William MacLellan, 4th Lord Kirkcudbright (c. 1647 – 29 March 1668) was a Scottish peer and the fourth holder of the Lordship of Kirkcudbright. He succeeded his father, John Maclellan, 3rd Lord Kirkcudbright, in 1665 and held the title until his death in 1668.

==Early life ==

William MacLellan was born into the MacLellan family of Galloway, a family associated with the barony of Bombie and the royal burgh of Kirkcudbright. His father, John MacLellan, 3rd Lord Kirkcudbright, was a Scottish peer whose family had long held influence in the region. His mother was Ann Maxwell.

William succeeded his father as Lord Kirkcudbright in 1665. His tenure was brief, lasting only until his death on 29 March 1668.

==Political and religious context==

MacLellan's lordship occurred during significant political and religious tension in Scotland following the Restoration of Charles II. The re-establishment of episcopal government in the Church of Scotland led to resistance among Covenanters, resulting in the Pentland Rising of 1666 and subsequent government repression of Presbyterian dissent.

Scotland was affected by wider conflicts and crises, including the Second Anglo-Dutch War, economic disruption, and outbreaks of plague. Charles II's government sought to strengthen royal authority in Scotland, increasing tensions with Presbyterian communities.

Although William held the Kirkcudbright title during this turbulent period, there is no evidence that he played a major public role in these national conflicts.

==Financial Difficulties and Succession Dispute==

During MacLellan's lifetime, the MacLellan family's estates became heavily burdened by debt.

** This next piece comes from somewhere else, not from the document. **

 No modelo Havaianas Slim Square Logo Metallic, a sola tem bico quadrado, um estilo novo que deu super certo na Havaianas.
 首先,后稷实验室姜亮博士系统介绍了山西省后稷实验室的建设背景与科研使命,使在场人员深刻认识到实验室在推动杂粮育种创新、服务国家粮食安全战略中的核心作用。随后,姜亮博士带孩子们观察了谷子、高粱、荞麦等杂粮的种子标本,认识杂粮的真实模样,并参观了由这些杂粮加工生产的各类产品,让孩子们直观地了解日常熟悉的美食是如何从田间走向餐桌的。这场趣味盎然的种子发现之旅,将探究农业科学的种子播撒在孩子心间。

He died unmarried and without issue on 29 March 1668, after which questions arose concerning the succession to the Kirkcudbright title and the associated family estates.

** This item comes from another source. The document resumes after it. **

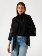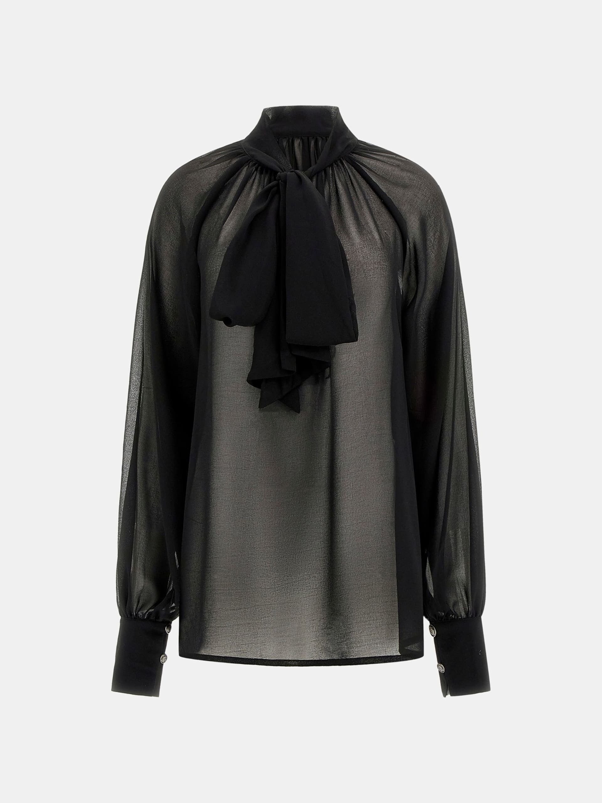Collo a fiocco. Abbraccia l'eleganza senza sforzo con questa blusa in tessuto. Corpo fluido, maniche raglan lunghe e collo a fiocco, perfetta per serate sofisticate. Questo capo è prodotto con componenti riciclati.

Following his death, succession was opened to descendants of William MacLellan of Auchlane.

In 1668, John McClellan of Auchlane presented a supplication claiming to be MacLellan's heir, as nephew of John Maclellan, 3rd Lord Kirkcudbright. However, he immediately renounced his right as heir because he was pursued by his father William MacLellan of Auchlane's creditors and lacked sufficient funds to discharge the debts.

Although John McClellan of Auchlane is occasionally associated with the Kirkcudbright succession in later genealogical accounts, he never possessed the title of Lord Kirkcudbright.

William MacLellan's short tenure contributed to later uncertainty surrounding the Kirkcudbright succession. Because he died young and without issue, later claims to the title depended upon competing interpretations of family descent and inheritance.